**** Dataset entries
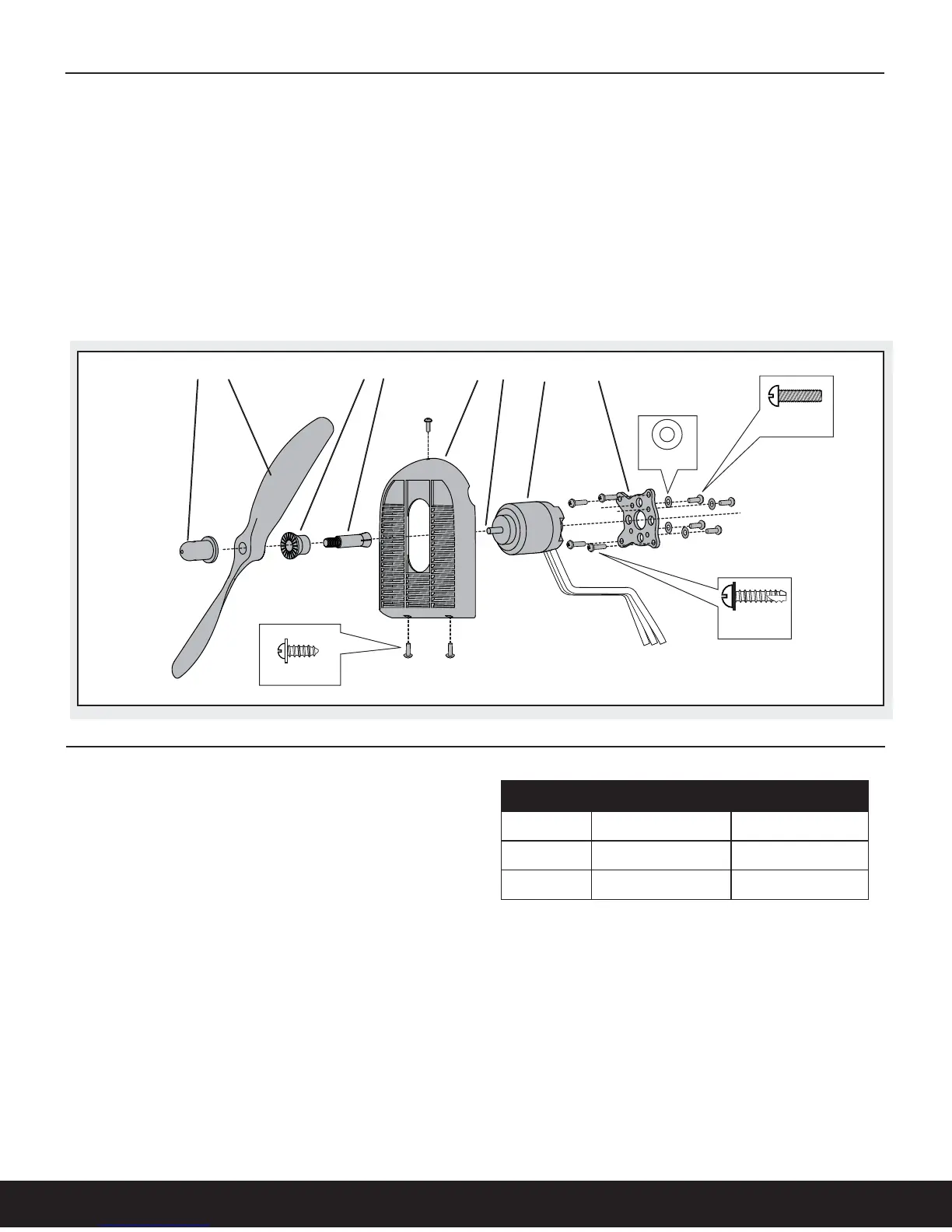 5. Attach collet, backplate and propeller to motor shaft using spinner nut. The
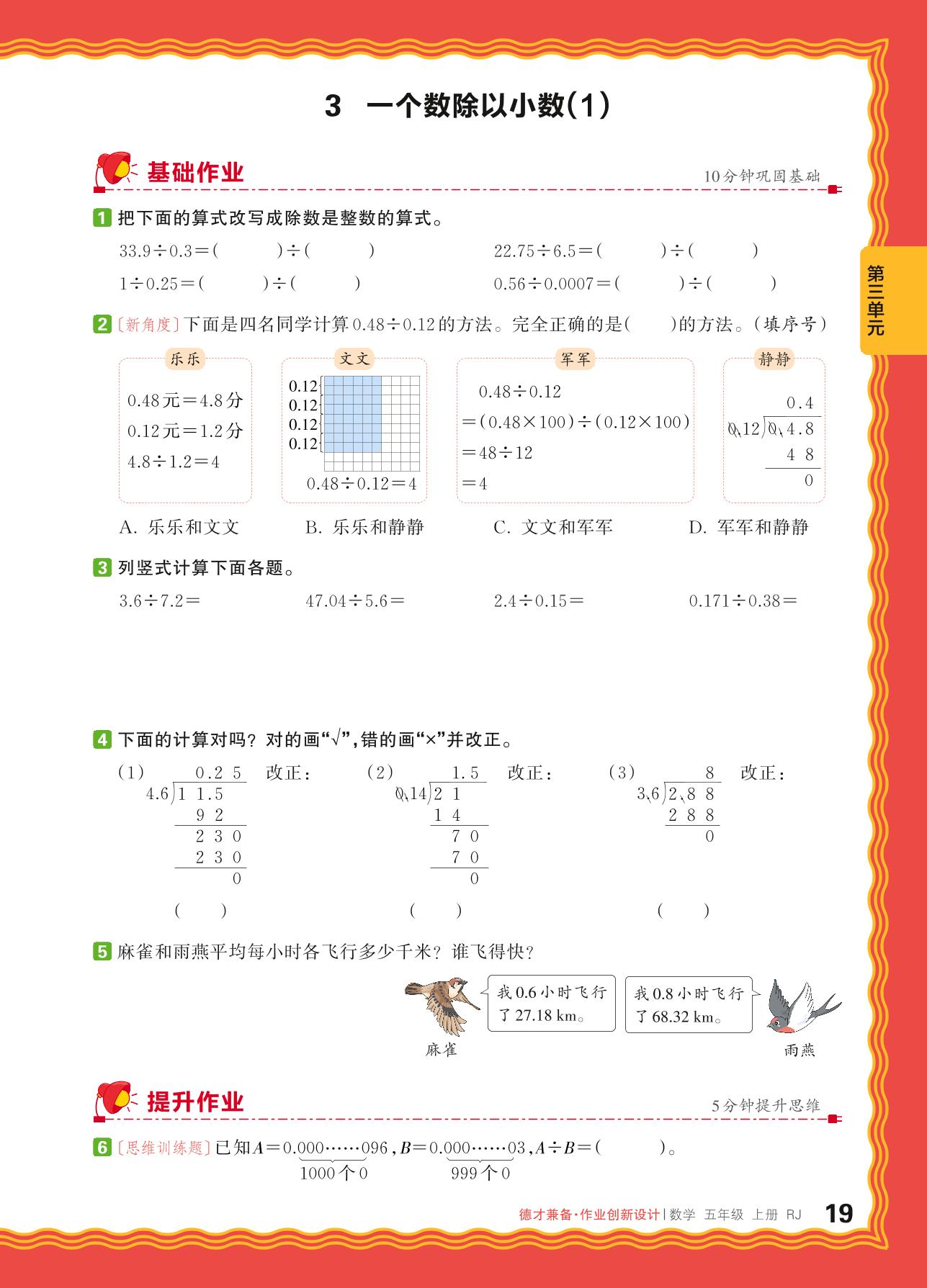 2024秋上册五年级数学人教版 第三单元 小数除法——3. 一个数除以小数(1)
********
**** Dataset entries
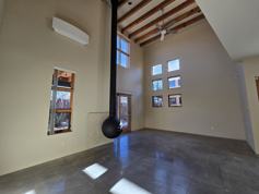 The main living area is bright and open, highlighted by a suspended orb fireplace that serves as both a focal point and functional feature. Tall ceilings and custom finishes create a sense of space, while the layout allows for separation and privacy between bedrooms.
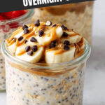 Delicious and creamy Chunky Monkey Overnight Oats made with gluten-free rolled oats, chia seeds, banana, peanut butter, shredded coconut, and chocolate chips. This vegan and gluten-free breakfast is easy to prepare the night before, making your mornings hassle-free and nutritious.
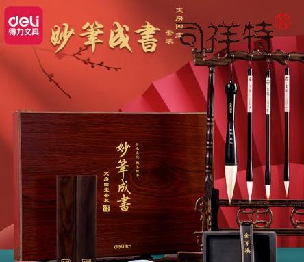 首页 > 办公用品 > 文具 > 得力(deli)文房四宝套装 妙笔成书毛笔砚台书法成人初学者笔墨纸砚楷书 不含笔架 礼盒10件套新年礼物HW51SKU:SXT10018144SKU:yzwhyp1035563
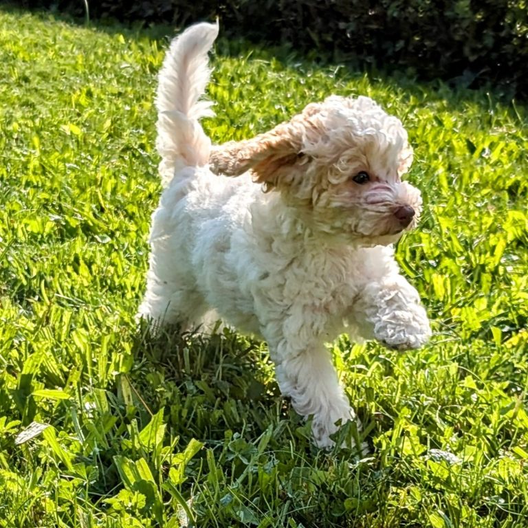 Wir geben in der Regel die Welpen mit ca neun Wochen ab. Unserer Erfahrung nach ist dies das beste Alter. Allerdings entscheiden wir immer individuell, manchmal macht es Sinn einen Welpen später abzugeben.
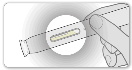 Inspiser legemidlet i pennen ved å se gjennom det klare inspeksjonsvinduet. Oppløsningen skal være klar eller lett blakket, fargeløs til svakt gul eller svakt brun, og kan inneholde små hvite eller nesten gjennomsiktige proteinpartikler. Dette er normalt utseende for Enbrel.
********
**** Dataset entries
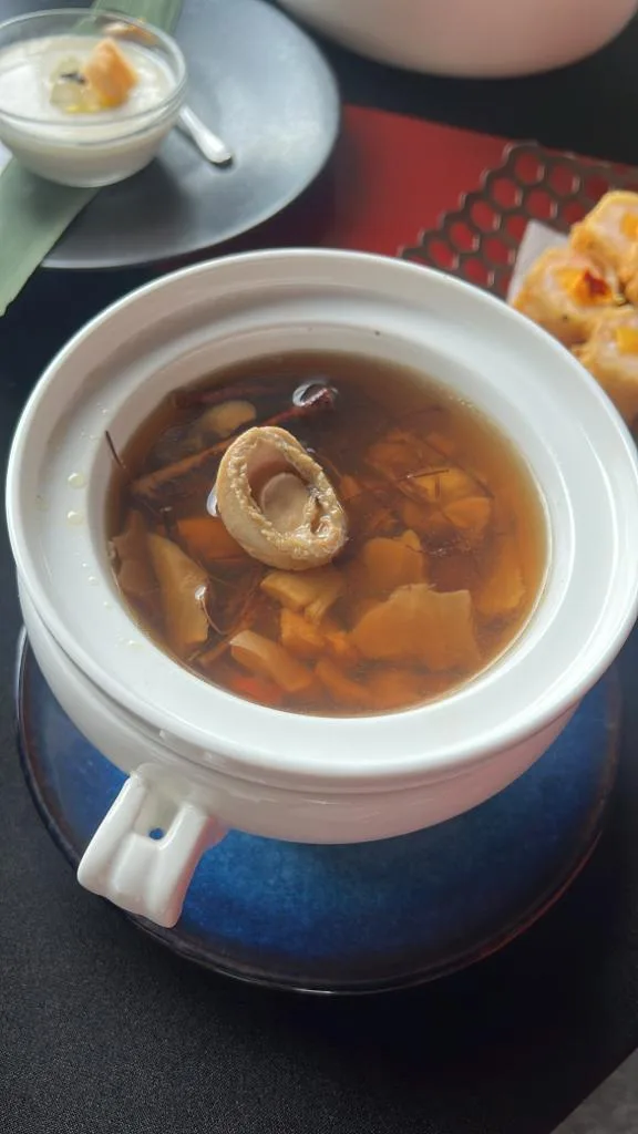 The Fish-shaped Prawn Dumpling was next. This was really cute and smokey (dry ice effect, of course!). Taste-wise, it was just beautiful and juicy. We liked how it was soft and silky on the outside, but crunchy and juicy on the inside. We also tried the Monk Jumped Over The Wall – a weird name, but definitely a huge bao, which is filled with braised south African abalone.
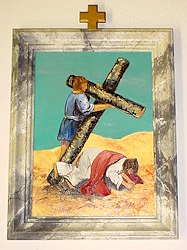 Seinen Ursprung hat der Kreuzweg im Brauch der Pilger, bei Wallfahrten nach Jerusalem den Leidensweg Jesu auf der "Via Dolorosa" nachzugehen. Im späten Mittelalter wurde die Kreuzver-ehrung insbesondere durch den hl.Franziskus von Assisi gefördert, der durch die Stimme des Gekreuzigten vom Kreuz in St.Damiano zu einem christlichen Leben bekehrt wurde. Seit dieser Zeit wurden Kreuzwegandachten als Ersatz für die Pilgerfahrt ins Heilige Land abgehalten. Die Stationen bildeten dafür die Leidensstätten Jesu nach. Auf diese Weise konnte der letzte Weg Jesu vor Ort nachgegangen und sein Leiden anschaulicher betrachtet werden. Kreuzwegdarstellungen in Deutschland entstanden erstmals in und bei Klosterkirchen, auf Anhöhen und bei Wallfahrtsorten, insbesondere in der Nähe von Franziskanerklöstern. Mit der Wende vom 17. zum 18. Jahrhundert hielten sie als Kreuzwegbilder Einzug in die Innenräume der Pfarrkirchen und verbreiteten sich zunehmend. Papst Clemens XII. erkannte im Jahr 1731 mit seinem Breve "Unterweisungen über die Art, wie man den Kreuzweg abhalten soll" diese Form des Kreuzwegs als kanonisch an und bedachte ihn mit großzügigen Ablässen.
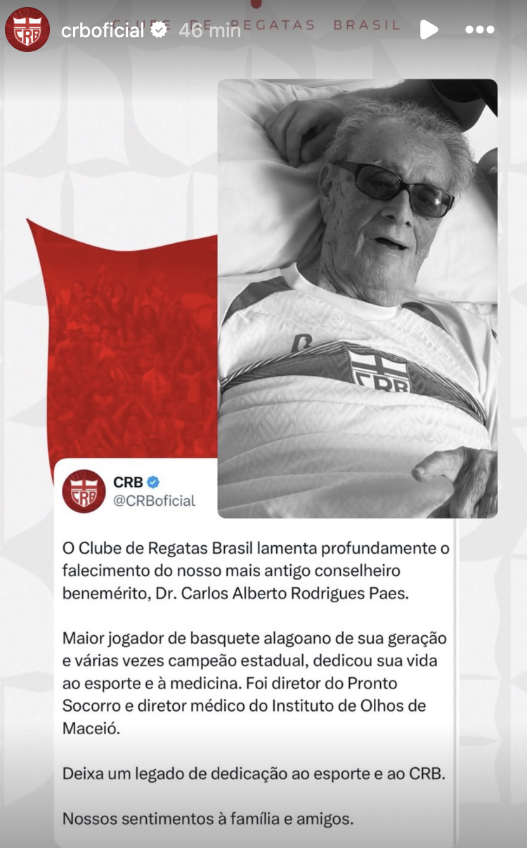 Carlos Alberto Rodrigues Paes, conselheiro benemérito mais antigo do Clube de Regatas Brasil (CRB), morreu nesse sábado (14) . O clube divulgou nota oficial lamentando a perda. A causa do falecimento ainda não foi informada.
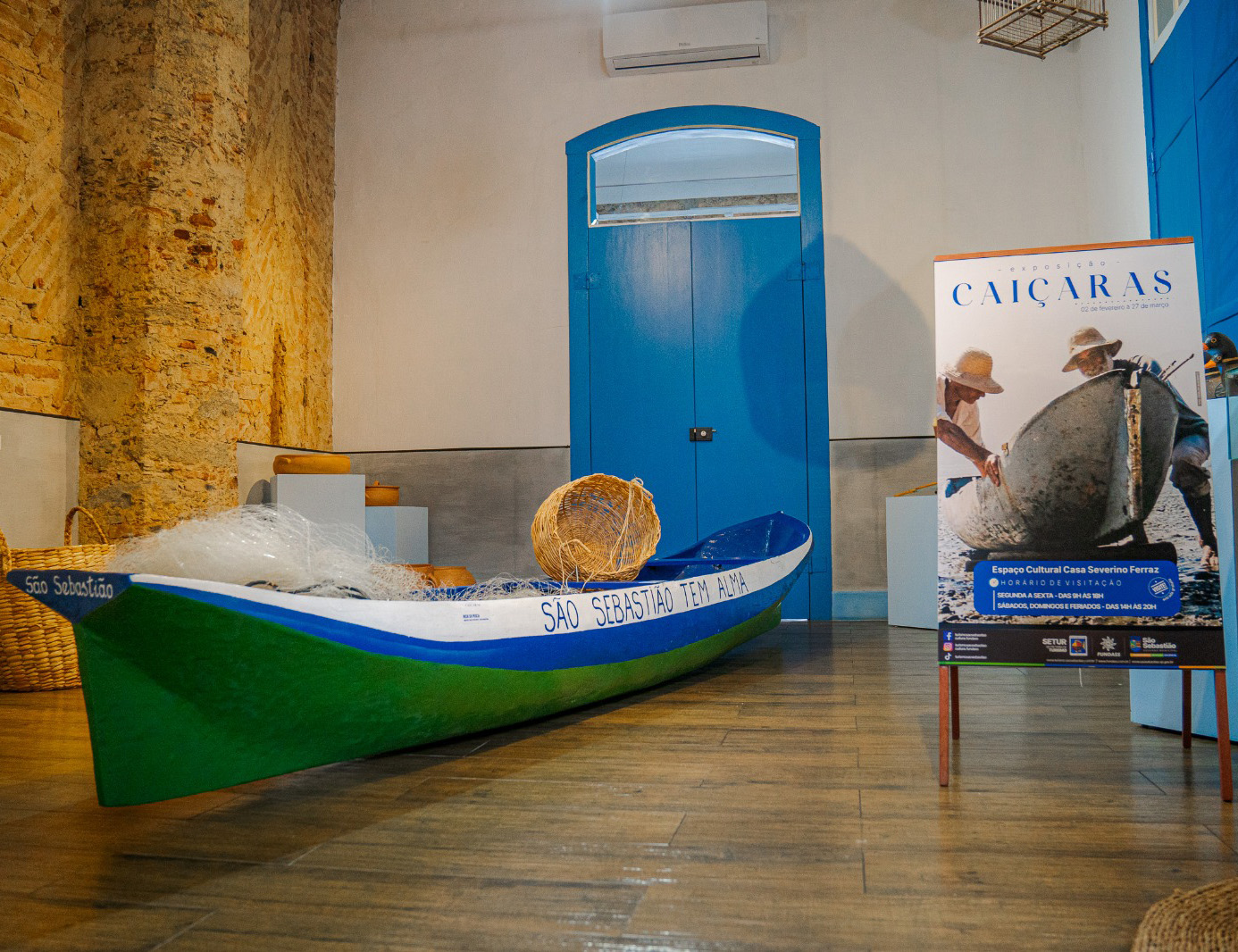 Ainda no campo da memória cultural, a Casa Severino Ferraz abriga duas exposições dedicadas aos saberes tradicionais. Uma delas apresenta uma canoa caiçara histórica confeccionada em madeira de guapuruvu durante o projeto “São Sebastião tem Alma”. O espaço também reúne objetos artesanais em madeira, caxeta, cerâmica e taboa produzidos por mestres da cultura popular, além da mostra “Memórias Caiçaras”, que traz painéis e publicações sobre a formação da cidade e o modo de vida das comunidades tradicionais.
********
- Problem to solve
Your answer must be the lines above from the one holding "5. Attach collet, backplate" up to and including the one holding "2024秋上册五年级数学人教版 第三单元 小数除法——3. 一个数除以小数(1)", exact and with no pictures.

- Completed task
 5. Attach collet, backplate and propeller to motor shaft using spinner nut. The
 2024秋上册五年级数学人教版 第三单元 小数除法——3. 一个数除以小数(1)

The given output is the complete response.